WHAT IS NEEDED: Print the full set of records below, character for character and picture-free.

Dataset items:
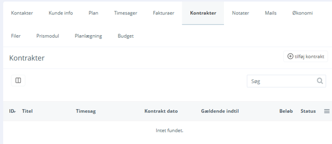Kontraktmodulet gør det nemt at oprette, administrere og overvåge kontrakter for hver enkelt kunde, herunder tilknyttede projekter og deadlines. Du kan hurtigt oprette nye kontrakter ved at klikke på "tilføj kontrakt".
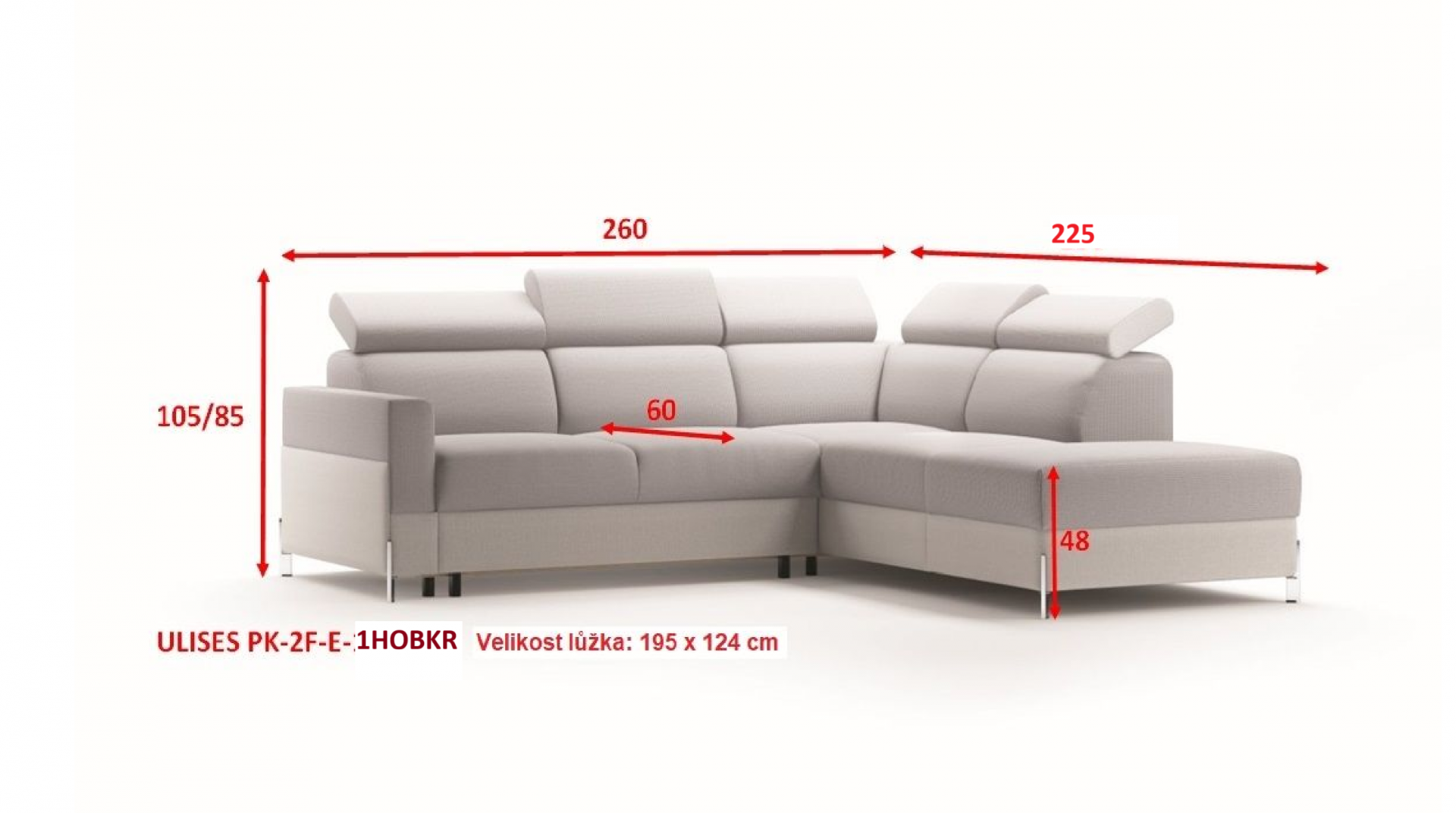 Sedací souprava ULISE je originální, pohodlná a vysoce kvalitně zpracovaná moderní sedací souprava, která zaujme svým neobyčejným designem. Tato rohová sedací souprava je ideální na vytvoření stylového interiéru. Majitelé těchto sedaček u nich ocení zejména jejich výbornou kvalitní povrchovou úpravu a velké pohodlí při posezení, jelikož její výplň je kombinace vysoce kvalitní HR PUR pěny a duální bonelovo - falistové pružiny s čalounickými popruhy, které zaručují vysoký komfort sezení. Masivní boční opěrky umožňují pohodlné podložení rukou či hlavy. Kostra je vyrobena z měkkého a tvrdého dřeva. Sedačka je celo čalouněná a záda sedací soupravy jsou také očalouněné v originální látce. K sedačce náleží velký výběr potahových látek a tyto látky lze kombinovat anebo objednat celou sedací soupravu v jedné barvě. Vybrané potahové látky uveďte při objednávce do poznámky, popřípadě nás kontaktujte. Provedení opěráku sedací soupravy je vysoké, čímž je zaručeno pohodlné sezení.
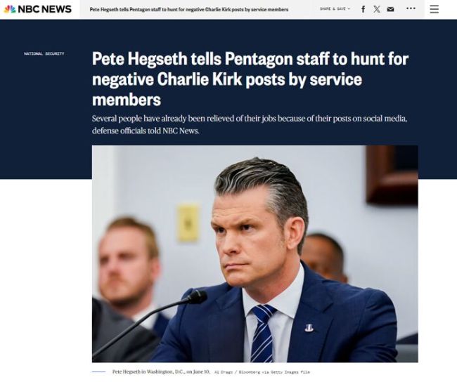 دو مقام دفاعی به "ان بی سی" گفتند که پیت هگست، وزیر جنگ آمریکا به فرماندهان پنتاگون گفته است که هر یک از اعضای ارتش را که ترور چارلی کرک، فعال محافظهکار، را مسخره یا تایید کردهاند، شناسایی کنند تا مجازات شوند.
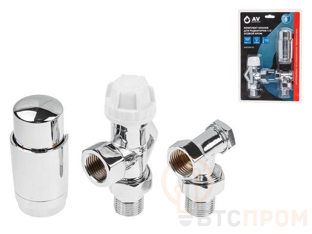 Комплект кранов осевой 1/2" для радиатора ХРОМ, AV Engineering (инд. упак.) (M30x1.5) AVE32012C фото в каталоге от BTSprom.by
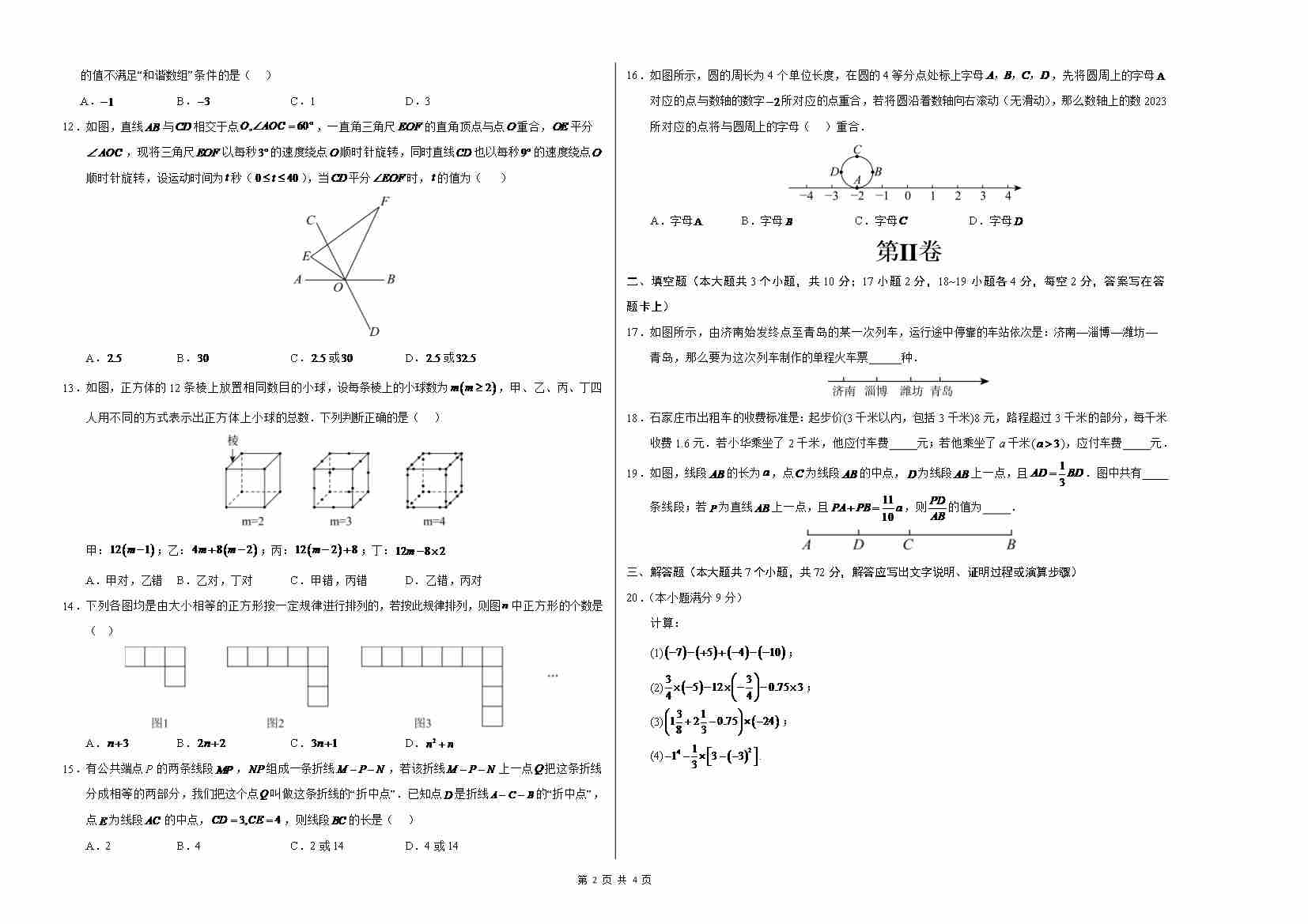 首页 > 全部 > 期中试卷 > 七年级数学期中模拟卷【测试范围:七上第1~3章】(考试版A3)(冀教版2024)

EXPECTED ANSWER:
Kontraktmodulet gør det nemt at oprette, administrere og overvåge kontrakter for hver enkelt kunde, herunder tilknyttede projekter og deadlines. Du kan hurtigt oprette nye kontrakter ved at klikke på "tilføj kontrakt".
 Sedací souprava ULISE je originální, pohodlná a vysoce kvalitně zpracovaná moderní sedací souprava, která zaujme svým neobyčejným designem. Tato rohová sedací souprava je ideální na vytvoření stylového interiéru. Majitelé těchto sedaček u nich ocení zejména jejich výbornou kvalitní povrchovou úpravu a velké pohodlí při posezení, jelikož její výplň je kombinace vysoce kvalitní HR PUR pěny a duální bonelovo - falistové pružiny s čalounickými popruhy, které zaručují vysoký komfort sezení. Masivní boční opěrky umožňují pohodlné podložení rukou či hlavy. Kostra je vyrobena z měkkého a tvrdého dřeva. Sedačka je celo čalouněná a záda sedací soupravy jsou také očalouněné v originální látce. K sedačce náleží velký výběr potahových látek a tyto látky lze kombinovat anebo objednat celou sedací soupravu v jedné barvě. Vybrané potahové látky uveďte při objednávce do poznámky, popřípadě nás kontaktujte. Provedení opěráku sedací soupravy je vysoké, čímž je zaručeno pohodlné sezení.
 دو مقام دفاعی به "ان بی سی" گفتند که پیت هگست، وزیر جنگ آمریکا به فرماندهان پنتاگون گفته است که هر یک از اعضای ارتش را که ترور چارلی کرک، فعال محافظهکار، را مسخره یا تایید کردهاند، شناسایی کنند تا مجازات شوند.
 Комплект кранов осевой 1/2" для радиатора ХРОМ, AV Engineering (инд. упак.) (M30x1.5) AVE32012C фото в каталоге от BTSprom.by
 首页 > 全部 > 期中试卷 > 七年级数学期中模拟卷【测试范围:七上第1~3章】(考试版A3)(冀教版2024)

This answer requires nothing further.